Context for the issue:

No response

The text was updated successfully, but these errors were encountered:

mattip · 2023-11-10T07:01:25Z

Sounds like it might be connected to mixed SIMD (8 elements) + normal (last element) code. @seiko2plus any thoughts?

seberg · 2023-11-10T07:38:32Z

The reason will be that the simd operation fills up the a partial vector with ones to avoid exactly this issue, but 1/1e-309 overflows to inf.

Not sure what can actually be done to have partial loads there if we really worry about this, filling with NaN would be safe w.r.t. FPEs, if it doesn't stall performance for some reason.

EDIT: If NaN doesn't work (generally), the only alternative would be to ensure the divisor is 1, while currently we ensure the dividend is for a / scalar (scalar would need to be 1 padded not a)

seiko2plus · 2023-11-11T17:37:22Z

The reason will be that the simd operation fills up the a partial vector with ones to avoid exactly this issue, but 1/1e-309 overflows to inf.

Yes that main reason, why handling remaining lanes for such basic operation via manual SIMD is important to avoid unexpected compiler optimization behavior that may lead to raise FP errors, mainly wide versions CLANG once sniffing a clear contiguous path.

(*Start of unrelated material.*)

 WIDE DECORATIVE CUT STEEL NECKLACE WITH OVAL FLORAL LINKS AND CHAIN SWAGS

Not sure what can actually be done to have partial loads there if we really worry about this, filling with NaN would be safe w.r.t. FPEs

Filling the remaining lanes of the vector divisor with ones is what actually matters to avoid division by zero FPe while the dividend nan or zero should be okay.

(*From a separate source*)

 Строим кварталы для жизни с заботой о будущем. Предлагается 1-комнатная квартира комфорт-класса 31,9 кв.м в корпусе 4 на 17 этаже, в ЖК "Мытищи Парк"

if it doesn't stall performance for some reason.

It doesn't affect the performance even scalarising the remains lanes will be okay since there's another loop that handles the full vectors load and store.

I think the following patch can fix this issue:

diff --git a/numpy/_core/src/umath/loops_arithm_fp.dispatch.c.src b/numpy/_core/src/umath/loops_arithm_fp.dispatch.c.src
index 30111258d6..4f083a5efa 100644
--- a/numpy/_core/src/umath/loops_arithm_fp.dispatch.c.src
+++ b/numpy/_core/src/umath/loops_arithm_fp.dispatch.c.src
@@ -138,7 +138,7 @@ NPY_NO_EXPORT void NPY_CPU_DISPATCH_CURFX(@TYPE@_@kind@)
                 npyv_store_@sfx@((@type@*)(dst + vstep), r1);
             }
             for (; len > 0; len -= hstep, src0 += vstep, dst += vstep) {
-            #if @is_div@ || @is_mul@
+            #if @is_mul@
                 npyv_@sfx@ a = npyv_load_till_@sfx@((const @type@*)src0, len, 1.0@c@);
             #else
                 npyv_@sfx@ a = npyv_load_tillz_@sfx@((const @type@*)src0, len);

seberg · 2023-11-11T18:34:43Z

even scalarising the remains lanes

Right, maybe that is the sane solution. Padding with 0 isn't quite right either because 0 / 0 is different from nonzero / 0: FPE will be "invalid value" vs. "overflow".
Padding with NaN should work for everything (never triggers FPE, except comparisons need care). But its not nice if NaNs might stall things in some other way.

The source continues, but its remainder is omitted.